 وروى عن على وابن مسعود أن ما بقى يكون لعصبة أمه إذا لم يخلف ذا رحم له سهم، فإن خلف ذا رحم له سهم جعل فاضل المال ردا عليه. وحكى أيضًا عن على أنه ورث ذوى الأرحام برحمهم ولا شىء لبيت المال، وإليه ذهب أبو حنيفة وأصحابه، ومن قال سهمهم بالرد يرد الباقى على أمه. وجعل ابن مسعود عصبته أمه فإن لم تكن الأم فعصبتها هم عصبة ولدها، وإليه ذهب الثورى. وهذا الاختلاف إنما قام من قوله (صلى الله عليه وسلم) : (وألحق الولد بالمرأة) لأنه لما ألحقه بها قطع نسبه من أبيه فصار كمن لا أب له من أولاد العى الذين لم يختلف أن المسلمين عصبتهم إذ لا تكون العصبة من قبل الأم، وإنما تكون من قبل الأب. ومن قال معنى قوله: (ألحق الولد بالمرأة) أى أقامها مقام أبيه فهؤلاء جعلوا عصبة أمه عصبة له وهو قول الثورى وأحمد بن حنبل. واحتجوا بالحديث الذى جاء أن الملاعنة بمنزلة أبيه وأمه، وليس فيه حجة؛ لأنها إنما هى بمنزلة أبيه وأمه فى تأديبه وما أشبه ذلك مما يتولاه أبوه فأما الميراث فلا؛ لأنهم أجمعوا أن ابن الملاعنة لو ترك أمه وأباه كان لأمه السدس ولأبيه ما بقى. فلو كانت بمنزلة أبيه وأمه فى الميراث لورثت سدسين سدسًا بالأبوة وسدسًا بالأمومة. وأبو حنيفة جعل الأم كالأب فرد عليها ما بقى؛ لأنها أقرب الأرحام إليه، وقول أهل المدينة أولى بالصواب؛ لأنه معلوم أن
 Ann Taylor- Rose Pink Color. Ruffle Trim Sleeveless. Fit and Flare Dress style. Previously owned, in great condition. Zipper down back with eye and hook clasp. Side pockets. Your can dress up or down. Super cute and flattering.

··········

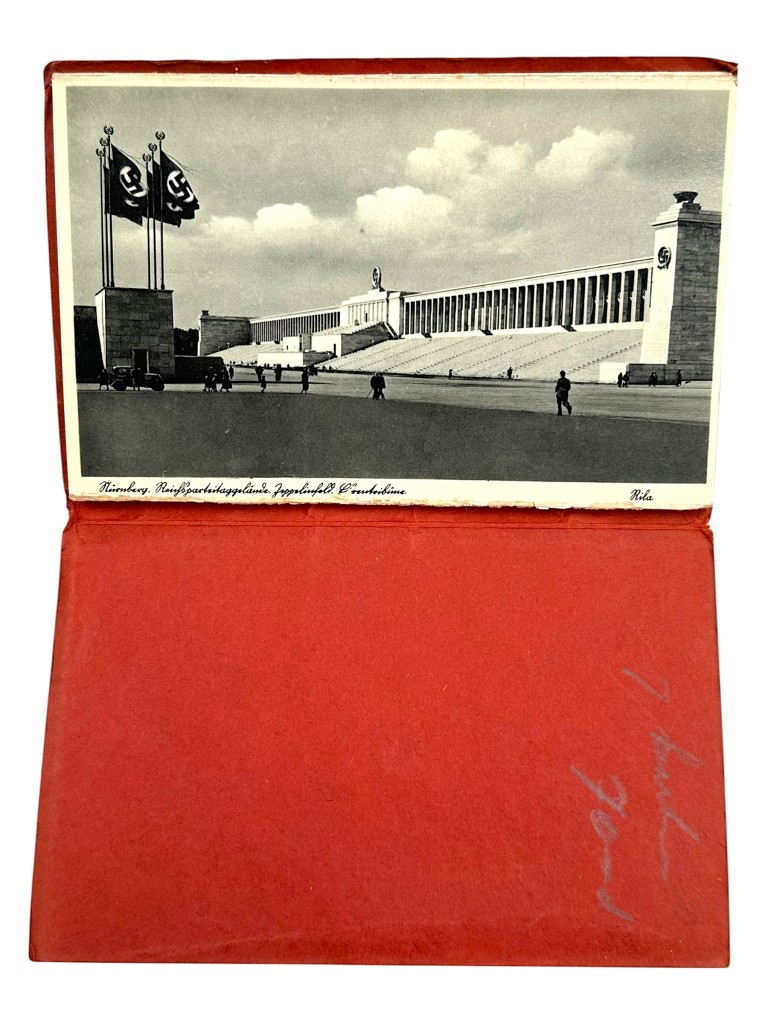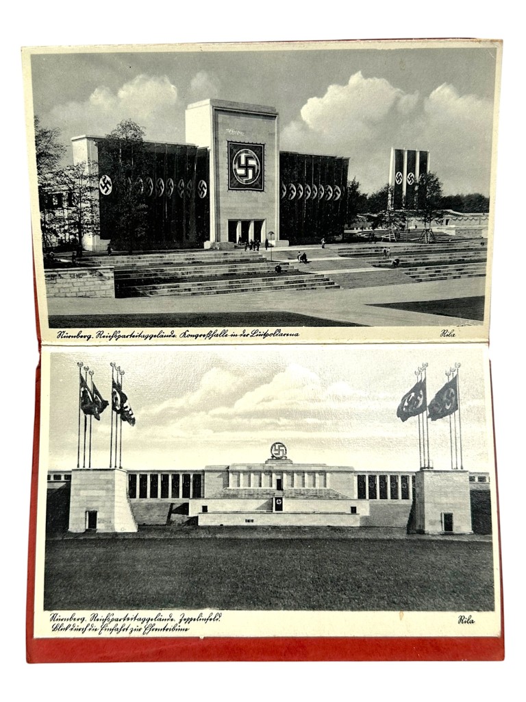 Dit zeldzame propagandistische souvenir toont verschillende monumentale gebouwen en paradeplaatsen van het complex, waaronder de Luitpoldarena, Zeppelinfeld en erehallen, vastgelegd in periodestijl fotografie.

··········

**REQUIRED ACTION:** In the listing above, transcribe exactly everything from the line containing "وروى عن على" down to the line containing "Ann Taylor- Rose", including both and nothing more.

**WORKED SOLUTION:**
 وروى عن على وابن مسعود أن ما بقى يكون لعصبة أمه إذا لم يخلف ذا رحم له سهم، فإن خلف ذا رحم له سهم جعل فاضل المال ردا عليه. وحكى أيضًا عن على أنه ورث ذوى الأرحام برحمهم ولا شىء لبيت المال، وإليه ذهب أبو حنيفة وأصحابه، ومن قال سهمهم بالرد يرد الباقى على أمه. وجعل ابن مسعود عصبته أمه فإن لم تكن الأم فعصبتها هم عصبة ولدها، وإليه ذهب الثورى. وهذا الاختلاف إنما قام من قوله (صلى الله عليه وسلم) : (وألحق الولد بالمرأة) لأنه لما ألحقه بها قطع نسبه من أبيه فصار كمن لا أب له من أولاد العى الذين لم يختلف أن المسلمين عصبتهم إذ لا تكون العصبة من قبل الأم، وإنما تكون من قبل الأب. ومن قال معنى قوله: (ألحق الولد بالمرأة) أى أقامها مقام أبيه فهؤلاء جعلوا عصبة أمه عصبة له وهو قول الثورى وأحمد بن حنبل. واحتجوا بالحديث الذى جاء أن الملاعنة بمنزلة أبيه وأمه، وليس فيه حجة؛ لأنها إنما هى بمنزلة أبيه وأمه فى تأديبه وما أشبه ذلك مما يتولاه أبوه فأما الميراث فلا؛ لأنهم أجمعوا أن ابن الملاعنة لو ترك أمه وأباه كان لأمه السدس ولأبيه ما بقى. فلو كانت بمنزلة أبيه وأمه فى الميراث لورثت سدسين سدسًا بالأبوة وسدسًا بالأمومة. وأبو حنيفة جعل الأم كالأب فرد عليها ما بقى؛ لأنها أقرب الأرحام إليه، وقول أهل المدينة أولى بالصواب؛ لأنه معلوم أن
 Ann Taylor- Rose Pink Color. Ruffle Trim Sleeveless. Fit and Flare Dress style. Previously owned, in great condition. Zipper down back with eye and hook clasp. Side pockets. Your can dress up or down. Super cute and flattering.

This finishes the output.